Dans le cadre de la Semaine de Prière pour l'Unité des Chrétiens, commande faite par le groupe oecuménique de la communautés de paroisses de SARRALBE (57).


Libre commentaire de type "mystagogique" du récit du Lavement des pieds d'après l'Evangile selon saint Jean ( Jn 13, 1-20).

Texte imprimé et rendu public en la paroisse de RECH le 21 janvier 2014.


« Lavement des pieds » (1618)




Il suffit de lire le texte lentement, de s’arrêter un moment en silence, puis de lire aussi lentement le commentaire.




01 Avant la fête de la Pâque,

sachant que l’heure était venue pour lui de passer de ce monde à son Père, Jésus,

ayant aimé les siens qui étaient dans le monde,

les aima jusqu’au bout.



La manière dont Jean introduit la scène est curieuse, car elle semble déjà inaugurer le mystère de sa mort sur la Croix.

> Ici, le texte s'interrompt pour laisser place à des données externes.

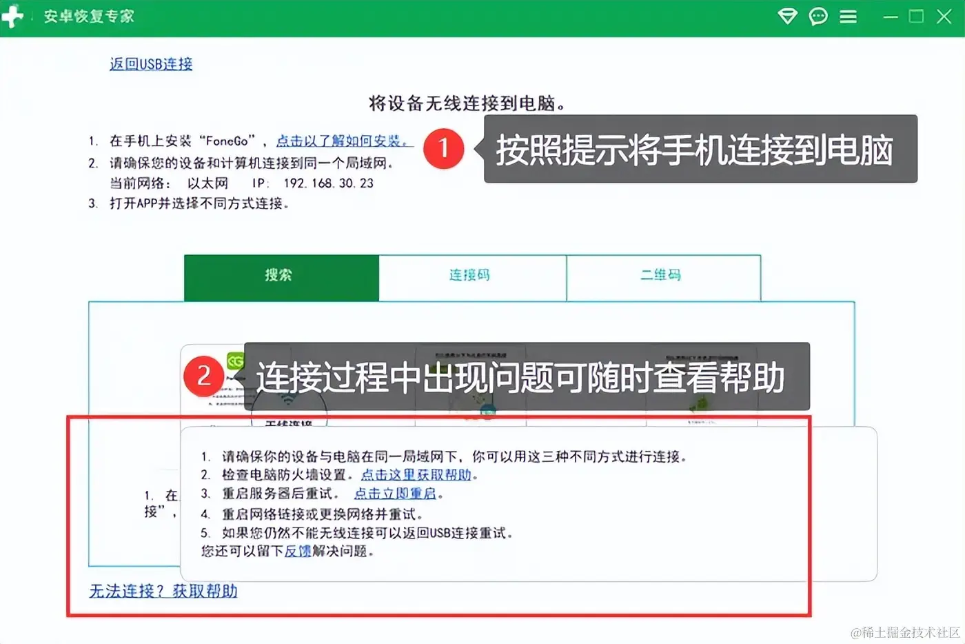 第一步:下载并安装该程序,确保手机开启了USB调试模式或与电脑连接同一网络,这样方便我们使用任意方式将手机连接到电脑。

Ce qui va se jouer dans cette scène est capital pour manifester le mystère de la Rédemption, de même que la manifestation de l’Amour de Dieu.



02 Au cours du repas,

alors que le diable a déjà mis dans le cœur de Judas, fils de Simon l’Iscariote, l’intention de le livrer,



Même, si le mystère de la Rédemption va se manifester,

même si l’amour de Dieu va se manifester,

la part de péché de l’homme n’en est pas pour autant enlever.


Comme si l’amour et la rédemption de l’homme allaient être connus,

par le péché d’un homme.


03 Jésus,

sachant que le Père a tout remis entre ses mains,

qu’il est sorti de Dieu et qu’il s’en va vers Dieu,



Ce verset est un résumé du prologue de saint Jean,

qui nous avait montré que le « Verbe » était avant la création du monde,

et que c’est PAR LUI que Dieu le Père a créé le monde.

Jésus vient de Dieu et à partir de ce moment-là,

il est déjà en train de retourner vers son Père.

C’est déjà une réalité du Ciel qui va se manifester.



04 se lève de table,

dépose son vêtement,

et prend un linge qu’il se noue à la ceinture ;



C’est au cours du repas qu’il lave les pieds…

Curieuse idée, car cela aurait être avant d’entrer à table.

On se purifie avant de se mettre à table.


Ainsi le lavement des pieds dépasse le simple code de purification rituelle.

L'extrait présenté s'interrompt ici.